» **EXTRACTED ENTRIES**

· · · ·

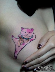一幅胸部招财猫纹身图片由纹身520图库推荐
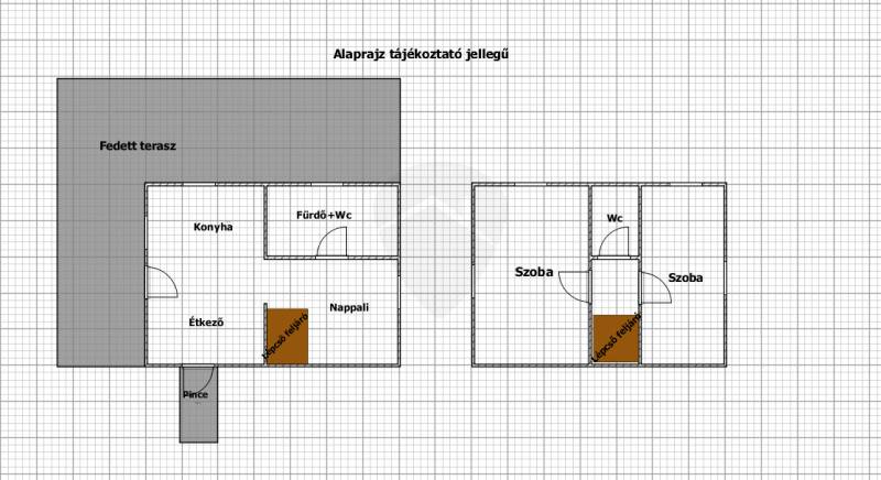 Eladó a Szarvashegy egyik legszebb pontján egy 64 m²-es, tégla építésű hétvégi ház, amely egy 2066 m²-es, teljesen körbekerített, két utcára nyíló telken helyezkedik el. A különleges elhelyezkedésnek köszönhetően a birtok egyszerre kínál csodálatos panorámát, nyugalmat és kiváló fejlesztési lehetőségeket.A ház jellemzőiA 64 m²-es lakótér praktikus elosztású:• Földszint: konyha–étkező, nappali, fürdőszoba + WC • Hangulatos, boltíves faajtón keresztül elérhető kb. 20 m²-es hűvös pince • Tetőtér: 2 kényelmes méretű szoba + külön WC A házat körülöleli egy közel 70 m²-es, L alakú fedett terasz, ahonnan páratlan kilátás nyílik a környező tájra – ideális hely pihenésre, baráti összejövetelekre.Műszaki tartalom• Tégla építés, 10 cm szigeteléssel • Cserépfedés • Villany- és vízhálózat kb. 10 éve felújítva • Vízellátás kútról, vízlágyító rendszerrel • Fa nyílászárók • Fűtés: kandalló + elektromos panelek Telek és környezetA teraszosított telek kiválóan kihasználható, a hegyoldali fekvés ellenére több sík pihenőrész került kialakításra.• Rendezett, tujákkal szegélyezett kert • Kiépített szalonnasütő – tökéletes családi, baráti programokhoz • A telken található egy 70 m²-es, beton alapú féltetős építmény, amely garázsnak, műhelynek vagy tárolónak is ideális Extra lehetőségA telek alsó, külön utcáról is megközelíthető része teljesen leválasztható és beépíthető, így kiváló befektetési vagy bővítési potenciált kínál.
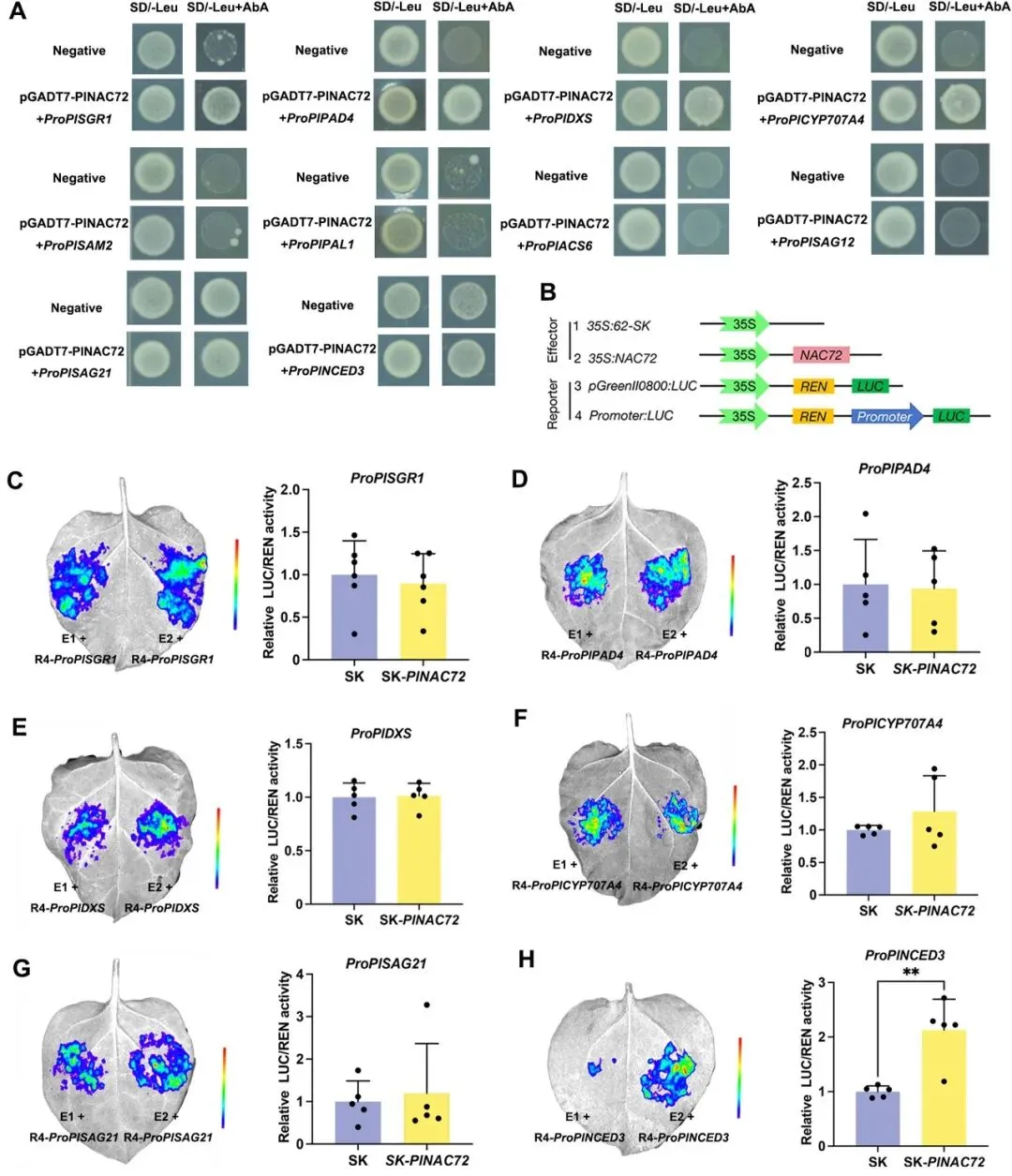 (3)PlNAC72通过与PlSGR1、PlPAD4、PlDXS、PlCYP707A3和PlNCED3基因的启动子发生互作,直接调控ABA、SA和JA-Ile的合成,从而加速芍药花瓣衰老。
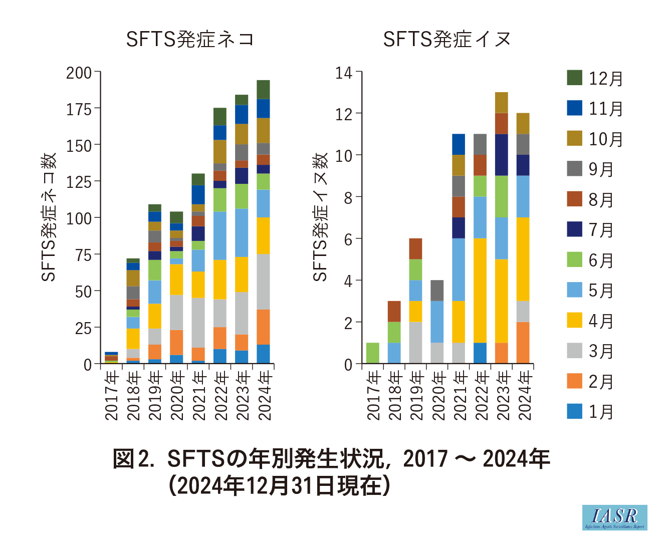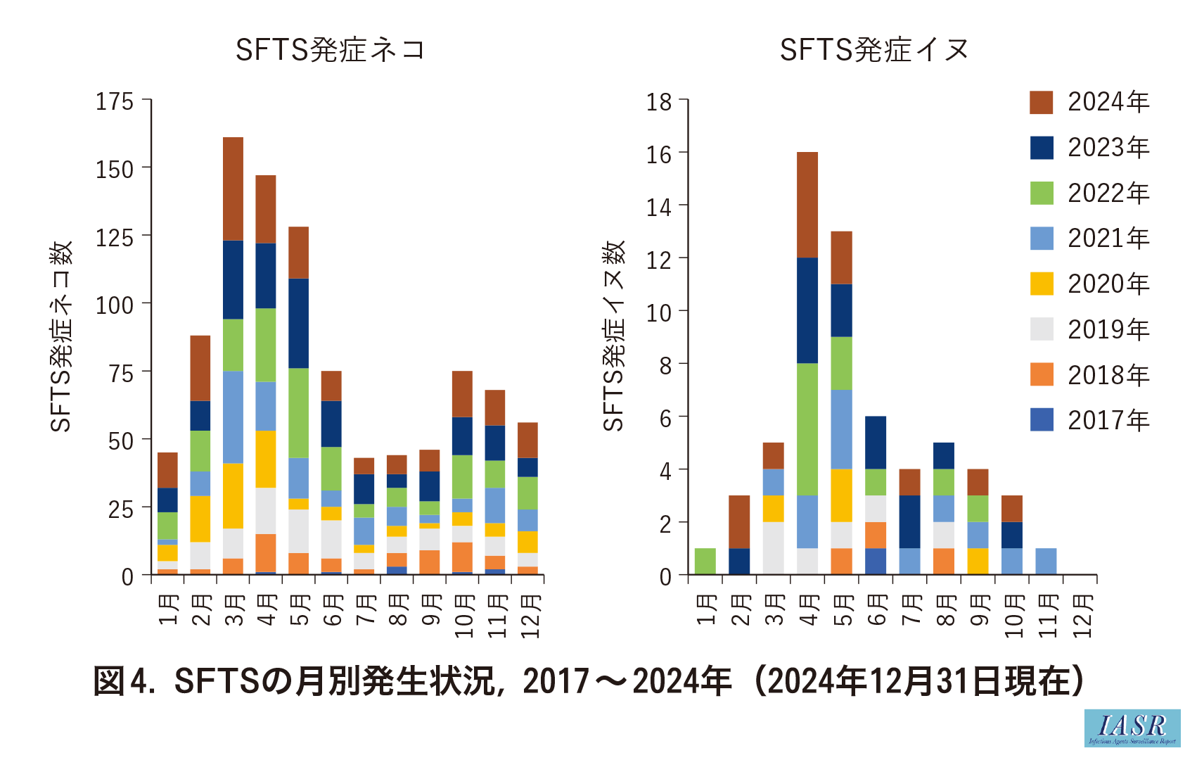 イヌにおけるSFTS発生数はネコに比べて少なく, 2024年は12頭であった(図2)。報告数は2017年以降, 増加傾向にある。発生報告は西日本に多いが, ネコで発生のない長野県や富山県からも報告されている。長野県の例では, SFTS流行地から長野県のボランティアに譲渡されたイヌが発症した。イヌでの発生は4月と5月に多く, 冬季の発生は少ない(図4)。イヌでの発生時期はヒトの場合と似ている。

· · · ·

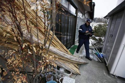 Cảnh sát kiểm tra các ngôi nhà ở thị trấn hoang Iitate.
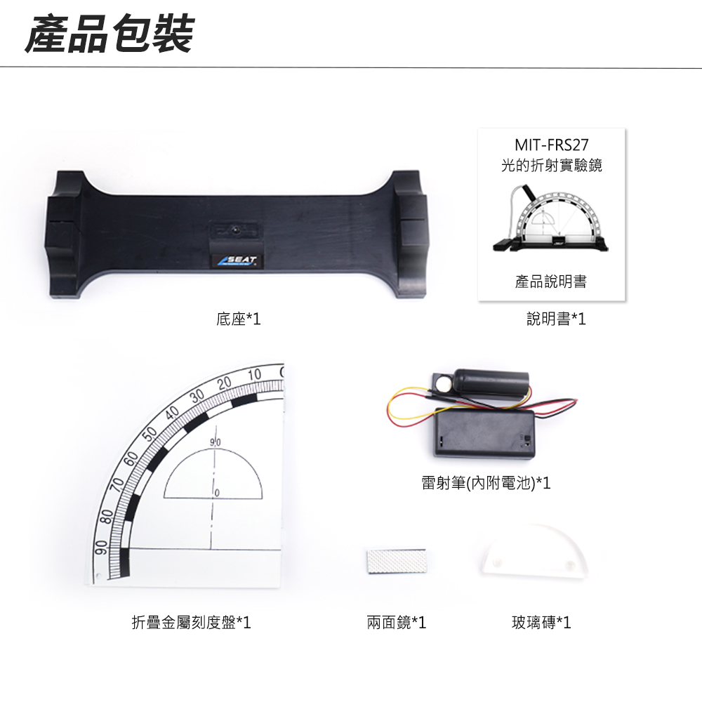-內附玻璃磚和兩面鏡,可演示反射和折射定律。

· · · ·

» **PROBLEM DESCRIPTION**
Having found the line with "Cảnh sát kiểm" and the line with "-內附玻璃磚和兩面鏡,可演示反射和折射定律。" in the material above, write out exactly those two and every line between, leaving the pictures out.

» **RESPONSE TO THE EXERCISE**
 Cảnh sát kiểm tra các ngôi nhà ở thị trấn hoang Iitate.
-內附玻璃磚和兩面鏡,可演示反射和折射定律。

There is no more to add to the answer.